Saat itu, tiba-tiba muncul niat buruk sang Raja ingin menculik Samba` Paria untuk dijadikan Permaisurinya. Sebelum adik Samba` Paria berangkat ke sungai, sang Raja melubangi tempat air yang biasa digunakan Samba` Paria. Sang Raja melakukan hal itu, agar anak kecil itu berlama-lama di sungai. Sebab, tidak mungkin anak itu dapat mengisi wadah air yang berlubang.

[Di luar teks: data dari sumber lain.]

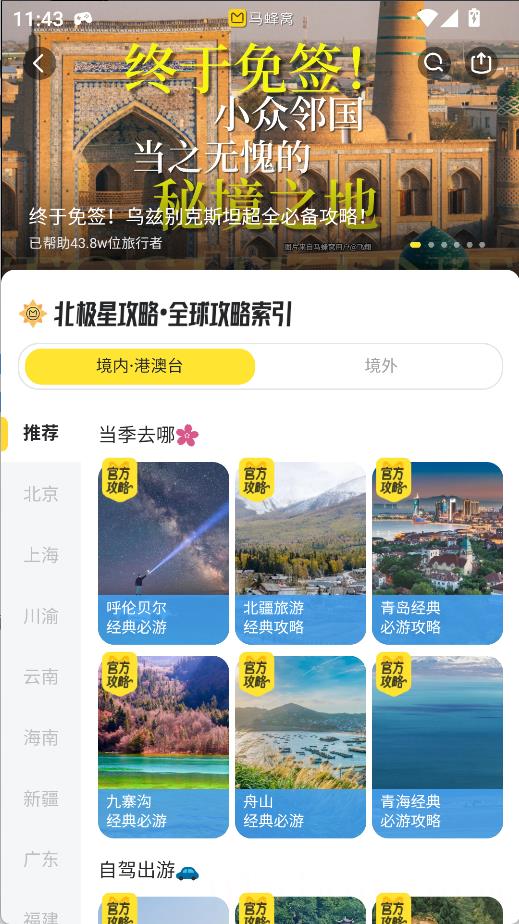 2、汇集游记攻略、嗡嗡图文动态与旅行问答,构建以经验分享和互动交流为基础的旅游社区氛围。

Beberapa saat setelah adik Samba` Paria berangkat ke sungai, sang Raja pun tidak menyia-nyiakan kesempatan itu. Ia segera memerintahkan beberapa pengawalnya yang menunggu di depan rumah agar membawa gadis cantik itu ke istana.

“Ampun, Tuan! Jangan bawa hamba ke istana! Kasihan adik hamba jika ditinggal sendirian di sini,” kata Samba` Paria mengiba kepada sang Raja.

“Ah, biarkan dia sendirian di sini dimakan binatang buas,” ucap sang Raja dengan nada ketus.

“Pengawal! Bawa segera calon permaisuriku ini!” titah sang Raja.

“Baik, Tuan!” jawab para pengawal serentak dan segera melaksanakan perintah.

Samba` Paria pun mulai bingung, karena adiknya belum juga pulang dari sungai. Sang Adik pasti akan mencarinya jika para pengawal itu membawanya ke istana. Ia pun segera mencari cara agar dapat meninggalkan jejak, sehingga adiknya dapat mengetahui ke mana arah perginya.

”Ampun, Tuan! Sebelum Tuan membawa hamba, bolehkah hamba mengajukan satu permintaan?” pinta Samba` Paria.

“Apakah itu? Katakanlah!” seru sang Raja.

“Bolehkah hamba membawa beberapa lembar daun paria? Hamba sangat senang makan sayur daun paria,” ungkap Samba` Paria.

Sang Raja pun memenuhi permintaan Samba` Paria. Setelah memetik puluhan lembar daun paria, Samba` Paria pun dibawa ke istana dengan menggunakan kuda. Dalam perjalanan menuju ke istana raja, Samba` Paria merobek-merobek daun paria itu lalu membuangnya di sepanjang jalan yang dilaluinya agar adiknya dapat mengetahui jejaknya. Setelah menempuh perjalanan selama setengah hari, Samba` Paria bersama rombongan raja tiba di istana raja.

Sementara itu adik Samba` Paria baru saja kembali dari sungai tanpa membawa air minum sedikit pun. Sesampai di depan rumahnya, ia melihat pintu rumahnya tertutup rapat.

“Kenapa sepi begini? Apakah rombongan raja itu sudah pergi?” tanyanya dalam hati.

Dengan pelan-pelan, anak itu menaiki anak tangga rumahnya satu per satu. Setelah berada di depan pintu, ia pun berteriak memanggil kakaknya.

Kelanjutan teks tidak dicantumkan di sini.